= Given material =
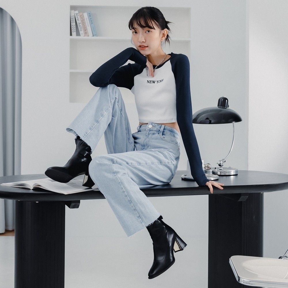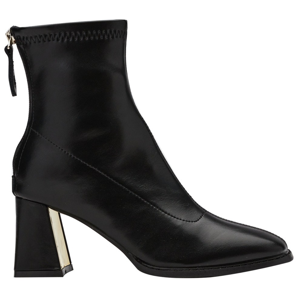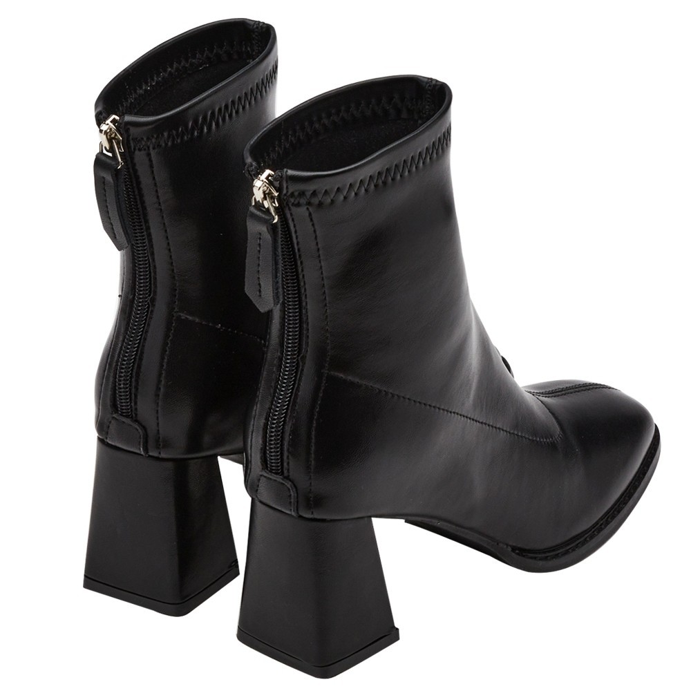 【Grace Gift】靴子 短靴 襪靴【俐落百搭後拉鍊中高跟襪靴】2色 35-40號 高跟 素面靴
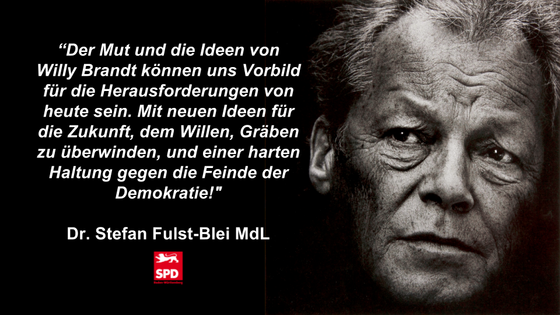 Der Mut und die Ideen von Willy Brandt können uns Vorbild für die Herausforderungen von heute sein. Mit neuen Ideen für die Zukunft, dem Willen, Gräben zu überwinden, und einer harten Haltung gegen die Feinde der Demokratie!
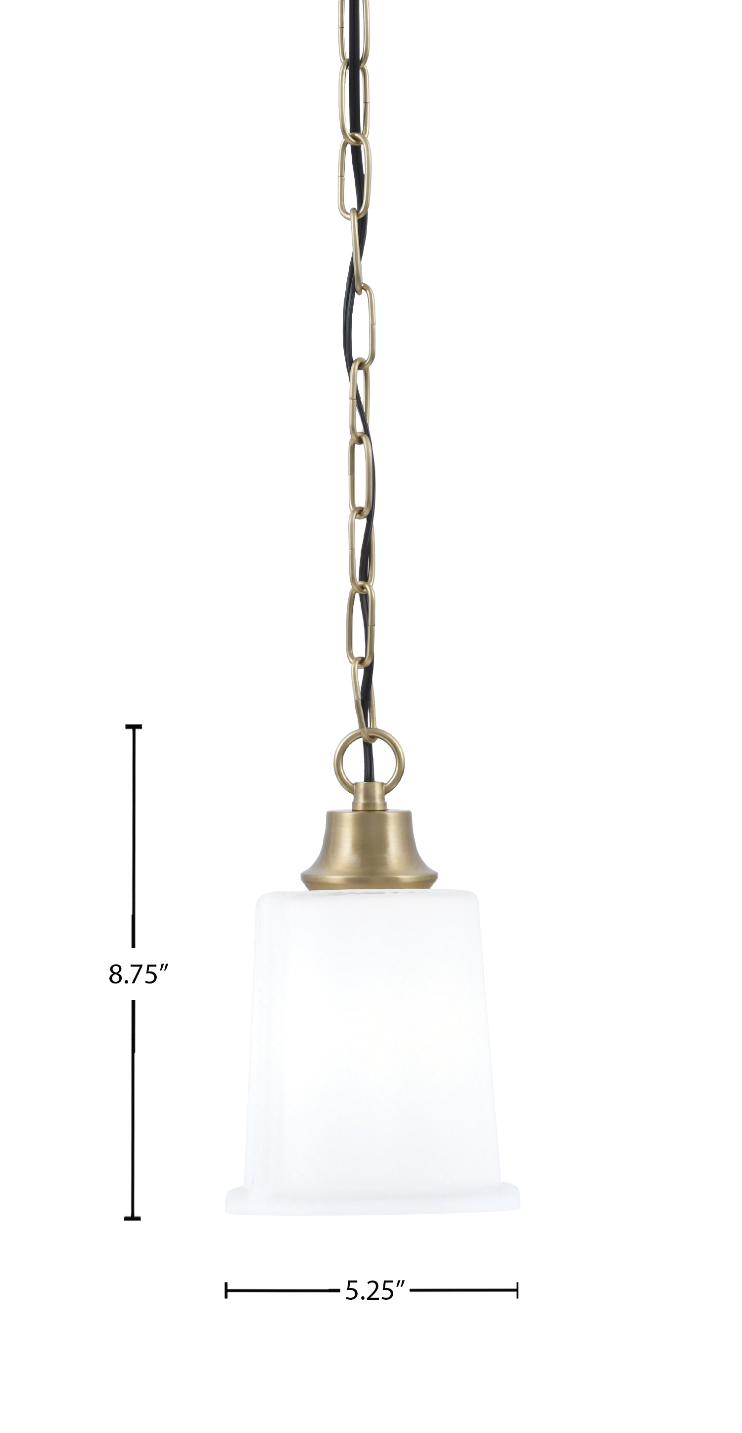 Toltec Lighting, 31-NAB-5031, 1 Light Chain Mini Pendant, New Age Brass Finish, 5.25″ White Opal Glass Shade

= Instructions for the task =
Give the listing again exactly, minus its images.

= Answer to this exercise =
 【Grace Gift】靴子 短靴 襪靴【俐落百搭後拉鍊中高跟襪靴】2色 35-40號 高跟 素面靴
 Der Mut und die Ideen von Willy Brandt können uns Vorbild für die Herausforderungen von heute sein. Mit neuen Ideen für die Zukunft, dem Willen, Gräben zu überwinden, und einer harten Haltung gegen die Feinde der Demokratie!
 Toltec Lighting, 31-NAB-5031, 1 Light Chain Mini Pendant, New Age Brass Finish, 5.25″ White Opal Glass Shade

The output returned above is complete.